Two days later they stood shoulder-to-shoulder doing the washing-up at her flat.

He ducked his head, seeming shy and aimless as Marcey put away the last of the dishes, as he waited to know if she would ask him to stay. It was ridiculous to be so ill-at-ease, he recognized, given what she knew of him, and given that she had glimpsed him in his horrid, saggy Y-fronts as he had struggled to get his jeans on that other morning.

If she would have him, he wanted nothing more than to sleep next to her again. Tonight. And he didn't want to think rejection could pummel him now.

With a little grin, Marcey let him off the hook, didn't make him ask. "You can stay, Greg," she said simply, a laugh in her voice. "Same rules. Good enough?"

It really was good enough, right now, as wrung out by life as he was. He just needed to hold her. To feel the caring she had for him conveyed in her fingertips as she caressed his face.

And as her hand wound into his, he suspected she knew all that, just as she had known so much all along.

… … …

But it was a weeknight.
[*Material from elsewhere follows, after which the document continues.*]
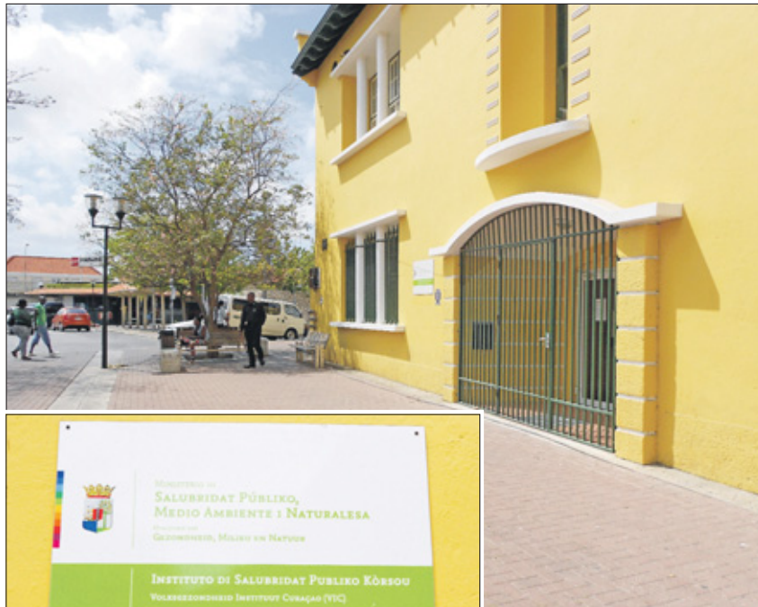
Het kantoor van VIC aan het Molenplein achter het busstation.

heidsorganisatie (WHO) is de definitie van gezondheid in 1946 al omschreven als 'een toestand van volledig lichamelijk, geestelijk en sociaal welbevinden en niet slechts de afwezigheid van ziekte of andere lichamelijk gebreken'. Mensen zijn, vanzelfsprekend, primair zelf verantwoordelijk voor hun gezondheid. De overheid speelt hierin echter ook een cruciale rol. De overheid is als het ware hoeder van de volksgezondheid; zij moet prioriteiten stellen en de effecten van het huidige volksgezondheidsbeleid analyseren. Bij het analyseren van het huidige beleid, komen gezondheidsindicatoren goed van pas; maar wat zijn

And so, with work to get to, Marcey was putting up with no excuses, come morning.

He tried to distract her once the coffee was poured. His hands gingerly at her waist, he kissed her softly again and again.

"We both of us need to get to work," she scolded. "Of course, I'm not the boss."

"No. You're right." He scrubbed at his face then. "They all know Linda's left." His speech sped up as he said in an almost throw-away manner, "If I go in late... Well, Christ, they'll think I'm suicidal." He was only half kidding, they knew.

"And how are you? Really. You know... about Linda leaving," she asked gently.

"Not suicidal," he summed up flatly.

Marcey nodded. Watched and waited to see if there was more.

Greg shrugged and looked away a moment. "Linda left me a long time ago, really. That's how I look at it. She packed a few weeks ago, but in reality it was a year ago that she left."

Marcey's lips were pursed and her eyebrows high a moment. There was nothing to say. And he read her look. Knew that look.

"But I'm all right," he put in quickly. "You needn't worry. Just..."

"Time," she supplied, when he trailed off. "You need time."

"And you."

She shook her head and said a little warningly, "I'm not part of you getting over Linda."

"No. I understand. But you are what makes now, well... Good."